7. Computational implementation

In this chapter we describe how the corrected penalty functional method described in section 6.2 has been implemented in a total energy computer code to perform linear-scaling quantum-mechanical calculations on arbitrary systems.

As mentioned in section 4.6, the density-matrix is represented in the form

$$\rho({\bf r},{\bf r'}) = \phi_{\alpha}({\bf r}) K^{\alpha \beta} \phi_{\beta} ({\bf r'}) .$$ (7.1)

We refer to the contravariant quantity $K^{\alpha \beta}$ as the density-kernel, and the covariant quantities $\{ \phi_{\alpha}({\bf r}) \}$ are localised non-orthogonal support functions, which are themselves expanded in terms of the spherical-wave basis-set of chapter 5:

$${\phi}_{\alpha}({\bf r}) = \sum_{n \ell m} c^{n \ell m}_{(\alpha)} ~\chi_{\alpha , n \ell m}({\bf r}) .$$ (7.2)

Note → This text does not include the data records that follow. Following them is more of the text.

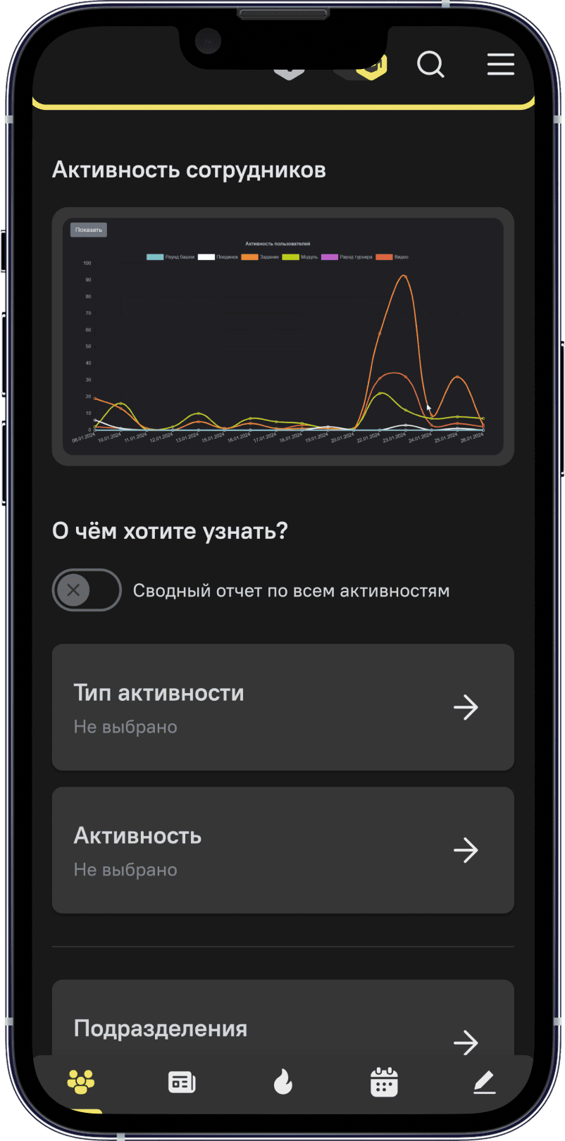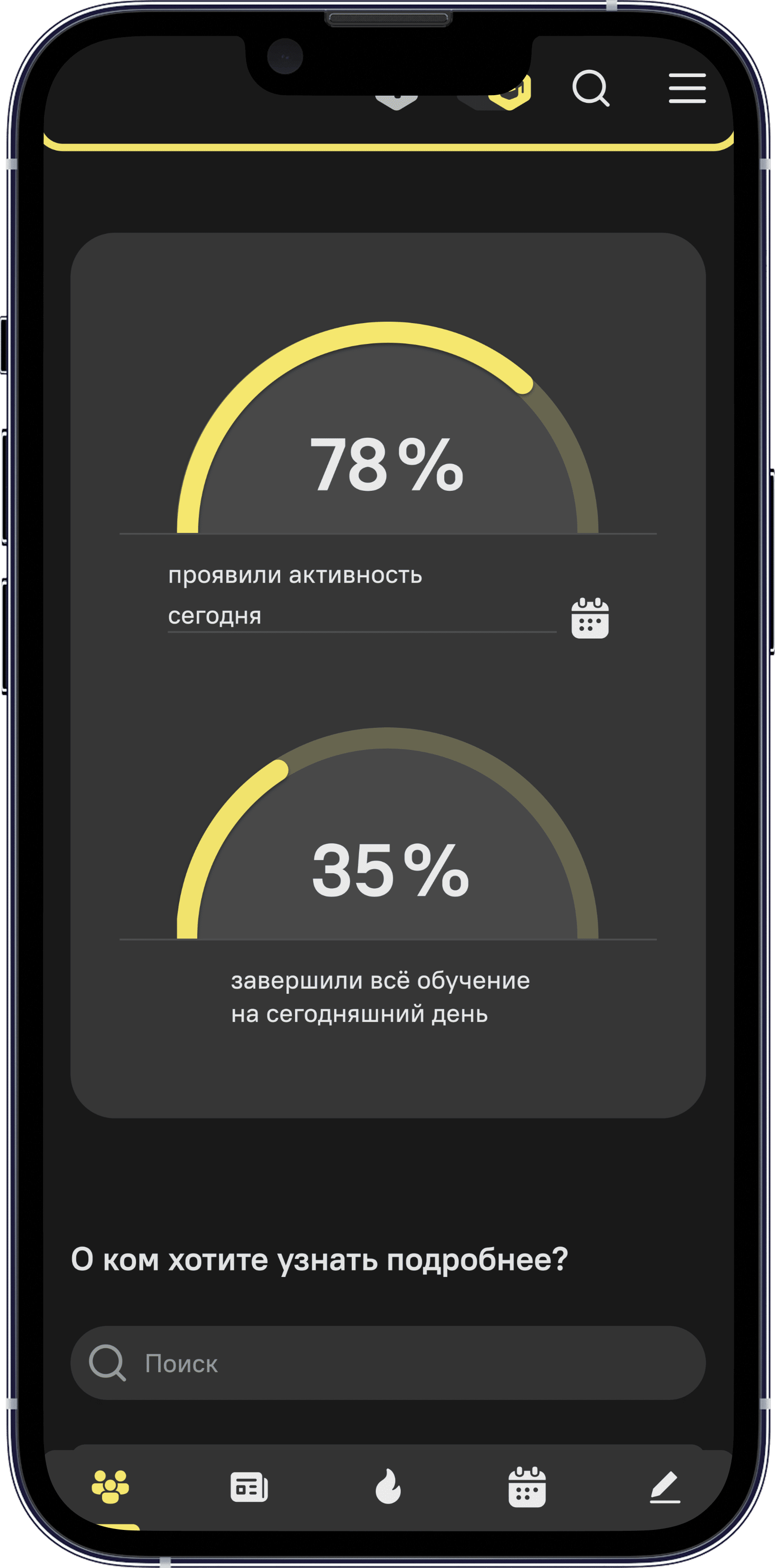 Используйте виджеты, новости-stories, push-уведомления, чтобы уведомлять сотрудников и напоминать им об обучении.
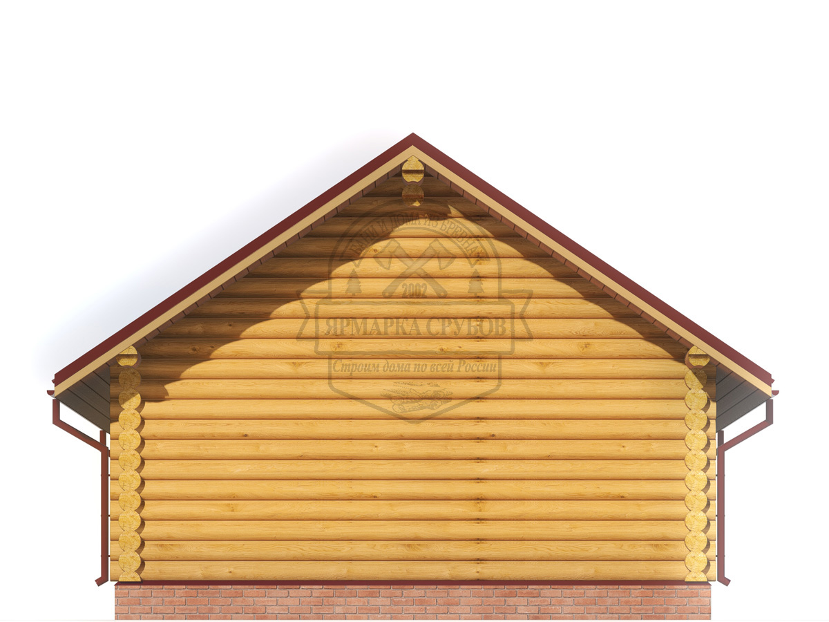 По проекту, бревно или зашиты обрезной доской 25х150 мм. Каркас фронтонов, доска 50х150 мм. Высота фронтонов, по проекту 1,5 - 2.6 м.
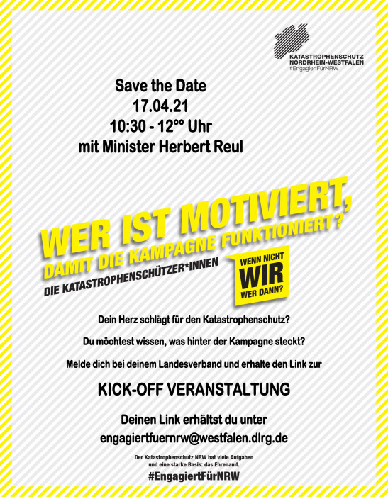 Am 17.04.2021 findet eine virtuelle Kick-Off Veranstaltung zur Imagestrategie im Katastrophenschutzstatt. Alle Interessierten können hierfür beim Landesverband anmelden. ... Mehr erfahren
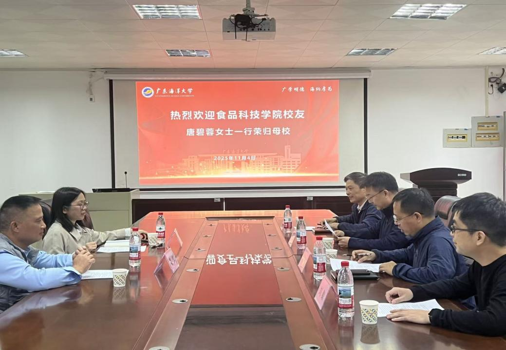 11月4日上午,食品科技学院优秀校友唐碧蓉女士一行荣归母校。校友座谈会暨开云kaiyun登录入口“九秩未来奖学金”实施细则洽谈会在望海楼A105会议室举行。学院党委书记伍彬、院长刘书成、党委副书记罗智勇及辅导员代表参加了会议。会议由罗智勇主持。
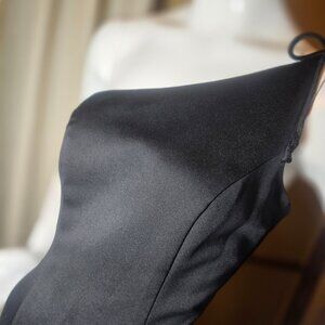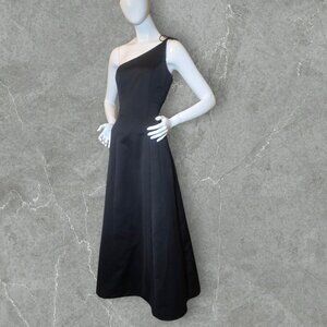 Vintage 90's / early Y2K URBAN GIRL NITES- Women's black polyester sateen one shoulder maxi prom or cocktail dress. Fitted bodice, fitted waistline. Classic style with princess seams, acetate lining, crinoline under the skirt for fullness. Zipper back closure. Very good pre-owned condition.
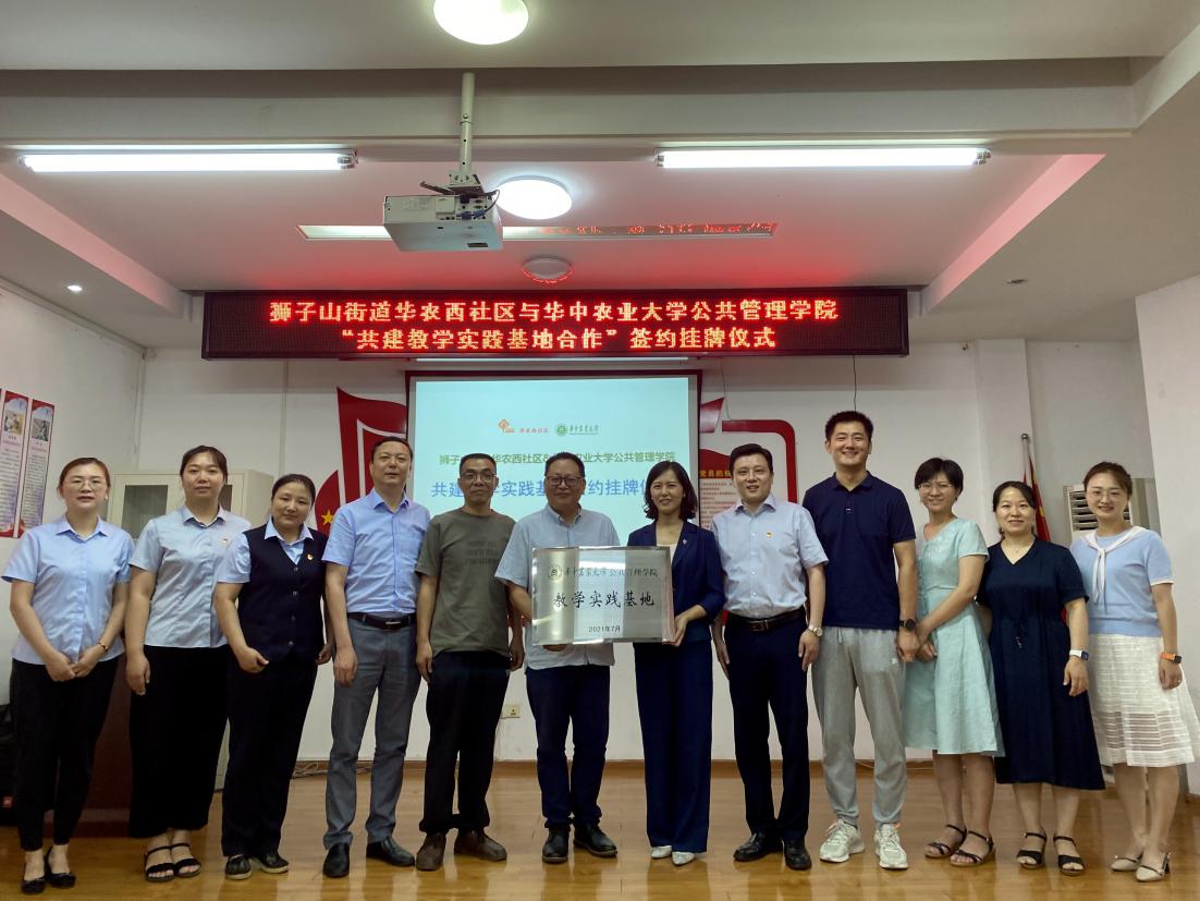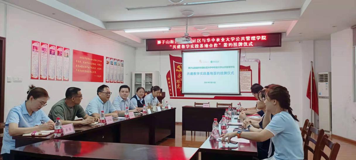 7月13日上午,公司与狮子山街道华农西社区于西社区二楼会议室顺利举行“共建教学实践基地”签约挂牌仪式。英国威廉希尔WilliamHill副经理丁艳华、行政管理专业党支部书记王家合、行政管理系主任姜庆志、行政管理专业教师代表张莉萍、杨嬛、黄宸以及狮子山街道党工委副书记刘涛、华农西社区党总支书记张羽、华农西社区居委会主任肖万斌、副书记徐艳、副主任余薇、汤晓希出席启动仪式。
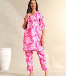 | Product Description | Infuse Your Collection With A Burst Of Color With The Mishti Set, Featuring A Radiant Magenta And White Botanical Outline Usp. This Contemporary Coordinated Ensemble Is Rendered In A Vivid Pink Hue And Is Decorated With Large Scale White Floral Silhouettes And Leaf Outlines That Create A High Contrast, Energetic Look. The Top Is Designed With A Refined White Lace Trimmed V Neckline Featuring A Central Pleat And Pearl Style Button Accents, Offering A Feminine And Polished Silhouette. Paired With Matching Printed Trousers, This Set Provides A Cohesive, Fashion Forward Ethnic Look That Is Perfect For Summer Festivities. |
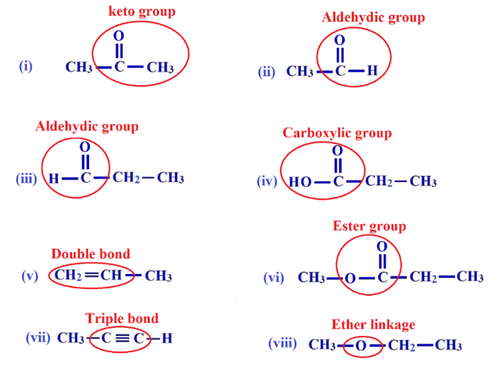 Epoxide group, Carbonyl group, Olefinic double bond, Ether linkage, Sulphonic acid group, Nitrile group
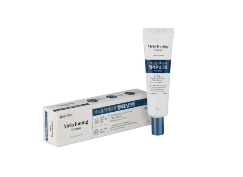 동아제약의 멜라토닝크림(이 약 1g 중 히드로퀴논 20mg 함유)은 멜라닌 색소 생성을 억제함으로써, 과다 침착 된 색소를 탈색해주는 색소침착치료제다. 히드로퀴논 성분 20mg 함유로 함량이 낮아 히드로퀴논 성분을 처음 사용하거나 피부가 민감한 분들에게 추천한다.
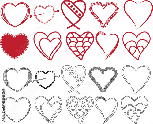 vector heart shapes, red heart collection, valentine element
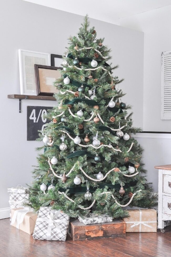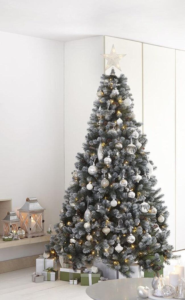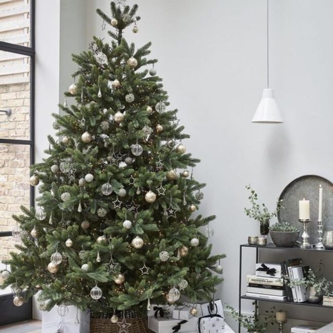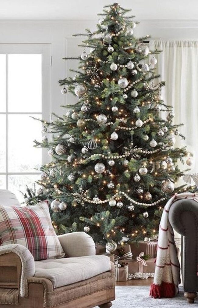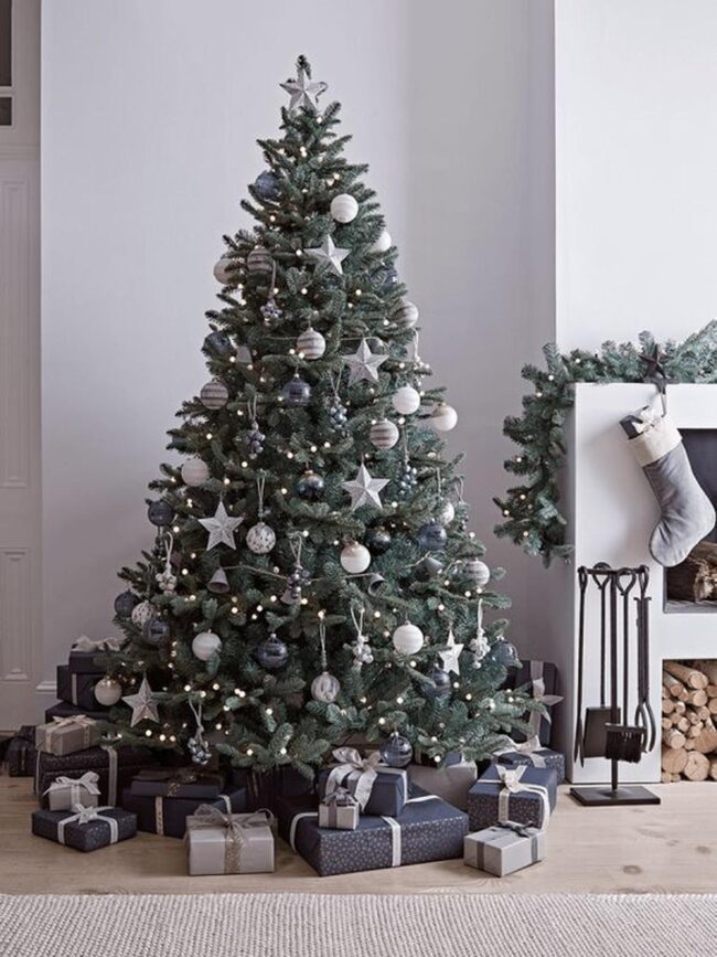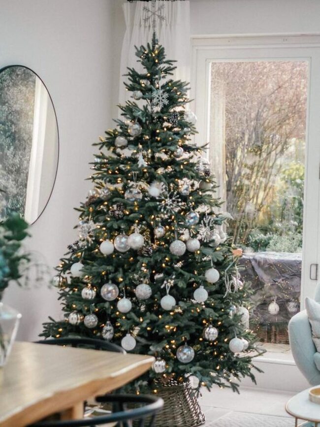Silver and white ornaments sparkle magnificently against lush green branches, weaving an enchanting holiday landscape inside your home.
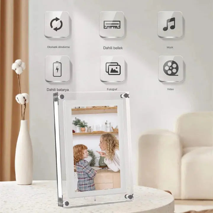 Göz alıcı dijital anı çerçeveleri, evinizde veya ofisinizde eşsiz bir atmosfer yaratmanıza olanak tanır. Her zevke ve tarza uygun renk ve boyut seçenekleriyle yaşam alanlarınıza şıklık katabilir, unutulmaz anılarınızı bu çerçevelerle ön plana çıkarabilirsiniz.
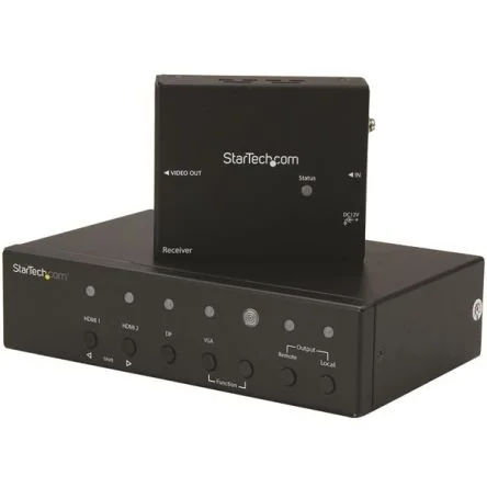 STDHVHDBT HDbaset Extender This multi-input video extender kit uses HDBaseT™ technology to extend your video signals up to 230 feet (70 meters) over a single CAT5e or CAT6 cable. It features a built-in video switch that enables you to choose which video source is outputted from four independent video sources (2 x HDMI, 1 x VGA and 1 x DisplayPort).The video extender supports Ultra HD 4K and Full HD 1080p video resolutions, with support for the accompanying digital 7.1 audio. Seamless multi-interface operation, with a switch and extender in one This HDBaseT extender features a built-in converter switch, so you can connect two HDMI sources as well as a VGA and a DisplayPort video source to the same remote HDMI display, without having to use additional adapters or scalers or a separate video switch. With support for multiple video sources and HDBaseT, this extender is the perfect solution for adding a large display to your boardroom or classroom, enabling BYOD laptops with HDMI, DisplayPort or VGA outputs to share their display with the room. Effortless control with automatic or priority switching The extender switch ensures hassle-free operation, with two different auto-switching modes: auto-detect switching, which detects and selects a newly connected device, or priority selection, which lets you choose which port should be activated by default for automatic switching. The multi-input video extender kit is perfect for digital signage applications, where an automatic switch can replace a failed source with a secondary input to avoid embarrassing video outages. Plus, the combined built-in HDBaseT functionality means you can connect a remote digital signage display with one kit that reduces failure points. Hassle-free integration with your existing infrastructure The kit extends your video signal over a single cable, unlike some video extender systems that require two cables and only offer minimal audio support. Extending your video with one cable reduces potential failure points and also lowers your cabling costs. Using standard CAT5e, CAT6 or CAT7 cables, the HDBaseT extender works with existing Ethernet infrastructure thats already built into large commercial buildings such as shopping centres, stadiums, schools, and hospitals, making it the perfect solution for deploying digital signage. Astonishing 4K picture quality from an impressive distance With high-quality HDMI cables beginning signal degradation at 30 feet, it can be difficult to maintain the brilliance of 4K video even at shorter distances. But with HDBaseT, you’ll be amazed at how your Ultra HD picture -- four times the resolution of high-definition 1080p, is just as brilliant even at distances up to 130 feet from your video source. Even if youre not running 4K, HDBaseT supports High-Definition 1080p and lower resolutions at even greater distances, up to 230 feet from your source, giving you peace of mind knowing that this extender will comfortably work with any HDMI video source and display. What is HDBaseT? HDBaseT is a zero-latency connectivity standard that’s revolutionizing HDMI distribution. HDBaseT uses an advanced method of modulation that enables you to distribute uncompressed HDMI audio and video, along with additional signals, over a single Ethernet cable. Offering greater versatility than traditional HDMI extenders and longer distances than HDMI cables alone, HDBaseT is the clear choice for every integrator and system designer, because it can do so much, with just a single cable. The STDHVHDBT is TAA compliant and backed by a StarTech.com 2-year warranty with free lifetime technical support. Features & Benefits • Tidy, professional installation with included mounting brackets • No software or drivers required with plug-and-play installation • Dolby® TrueHD, DTS-HD MA Audio • Save the hassle and expense of using multiple hardware devices, with a switch and extender in one device that accommodates VGA, DP and HDMI inputs • Maintain astonishing picture quality up to 130 feet away, with support for UltraHD 4K over non-proprietary CAT5e or CAT6 cabling • Supports HD video resolutions such as 1920x1200 or 1080p at distances up to 230 ft. (70 m) Applications • Use in your classroom or boardroom display, to enable presenters to connect a wide range of devices • Automatically switch between your set-top box or computer, for remote entertainment displays, in hospitality settings, such as restaurants, bars or hotels • Create brilliant digital signage displays in large commercial settings such as hospitals, shopping centres or stadiums What’s in the package? • Multi-input HDBaseT extender • HDBaseT receiver • IR remote control • Universal power adapter (NA, EU, UK, ANZ) • Mounting brackets • RJ11-to-RS232 converter • 5 ft [1.5m] RJ11 cable • 4 ft [1.2 m] RJ45 cable • Foot pads • Screw kit • Quick-start guide FAQs Does this video extender work with set-top boxes? Yes, this video extender works with set-top boxes, provided the set-top box meets the following requirements: The set-top box must be High-bandwidth Digital Content Protection (HDCP) compliant. The set-top box must support devices being connected between the video source and display. If the set-top box requires a direct cable connection between the video source and display, it wont work with this video extender.

We now proceed to express the total energy and penalty functional in terms of these quantities, and also to calculate gradients with respect to the density-kernel and expansion coefficients $\{ c^{n \ell m}_{(\alpha)} \}$. We will also discuss the implementation of the normalisation constraint and also how the convergence might be improved by the use of a preconditioning scheme for the gradients.